The mess Trump's tough talk has made over Venezuela is par for the course internationally, analysts say.
"So far, none of the crises the Trump administration inherited or has faced internationally have shown any signs of improving or moving toward any kind of resolution," Velasco says. "If anything, they have grown worse, alienating erstwhile allies while courting the support of [one-time] adversaries. On that score alone, it is difficult to conclude that Trump's foreign policy has been successful."

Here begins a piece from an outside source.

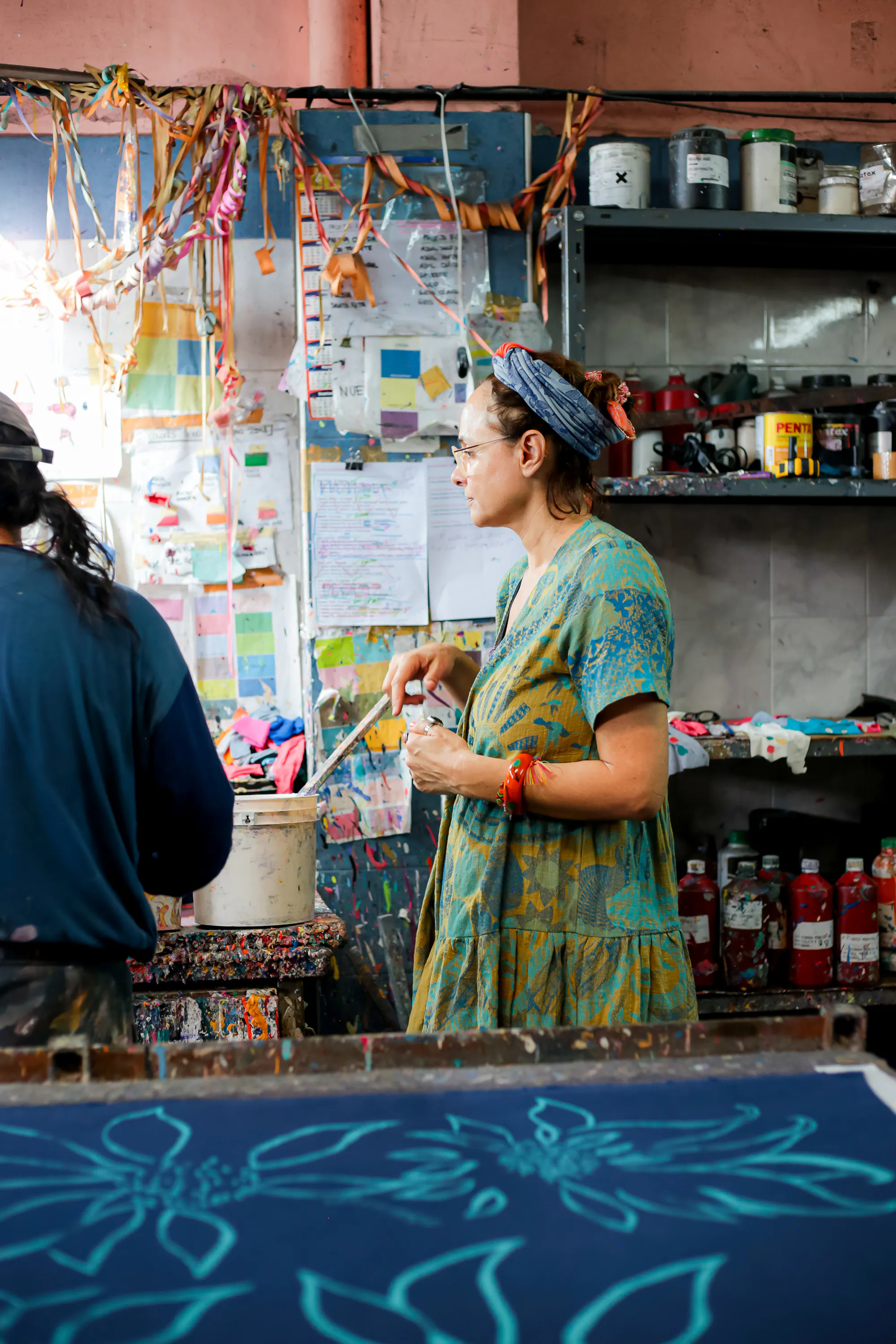 大量生産ではなくシルクスクリーンの版で生まれるテキスタイルはJuana de Arcoの魅力の立役者!

UCLA's Pagden agrees. "It smacks very much of the saber-rattling in North Korea. In both cases it can serve only to strengthen regimes which wish to represent themselves to their peoples as the only protection against an 'evil empire' waiting only for the opportunity to destroy them," he says. And in Syria, a sudden deluge of tough talk against the administration of President Bashar al-Assad "never came to anything and now seems to have been largely abandoned."
"From abroad, no matter where you are the story seems to be the same: ineffectual, imprecise, ill-considered bombast followed by silence a then a sudden shift to something else usually something personal," Pagden says. "In general, however, the overall impression is that Trump and his advisors have no foreign policy objectives at all. But then you do not need me to tell you that."
It would be ill-advised to continue that pattern in Latin America, Pagden warns.
"It might also be wise to remember Bolivar's departing remark that attempting to govern in Spanish-America was like 'ploughing the ocean,'" he says, referring to Simón Bolívar, the Venezuelan military leader credited with earning independence from Spain for many Latin American countries.
As the Trump administration fumbles its foreign policy, it appears that even Maduro's critics are quick to offer the U.S. a history lesson.